コンテキストノードが指定されたと見なされます。
boolean
文書が編集されているかいないかの状態を返します。 文書が編集されているときはtrue、編集されていないときはfalseとなります。
function:media-type 関数現在のキャンバスが出力対象としているメディアタイプを返す関数です。
string function:media-type( )
引数をとりません。
string
現在のキャンバスが出力対象としているメディアタイプを返します。次のメディアタイプが返されます。
screen
print
function:message 関数引数で与えられたXPath式を評価して、その結果を出力する関数です。開発・デバッグ用に用意している関数です。

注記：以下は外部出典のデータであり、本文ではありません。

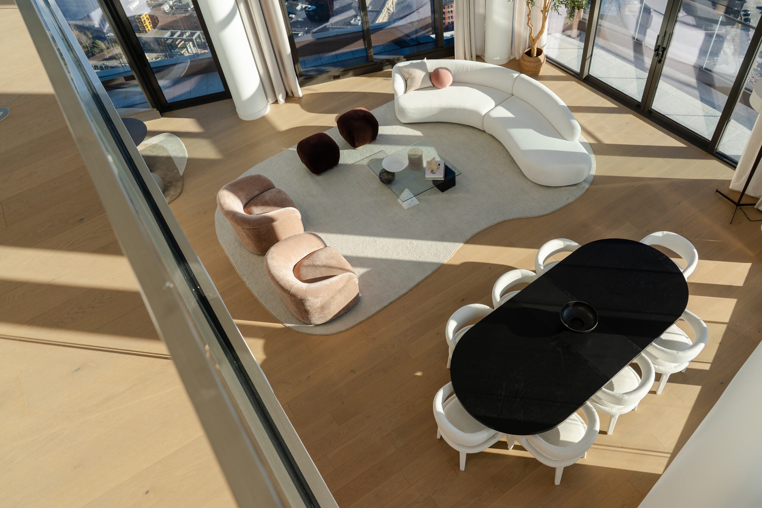 Living above a train station might not sound enticing, but the team has tried to make it so tenants won’t notice. To access the lobby, residents walk along a path with a view of a nearly one acre “sky park,” on the 11th floor, an effort to create a stark separation between home and the streets below.

node-set function:message( node-expression )
node-set node-expression
評価するXPath式を指定します。
node-set
評価したノードセットを返します。
function:system-property 関数システムプロパティを取得する関数です。
string function:system-property( key )
string key
システムプロパティのキー名を指定します。
string
引数で指定されたシステムプロパティのキー名に対応する値を返します。指定されたキー名のプロパティが存在しない場合は、空文字列を返します。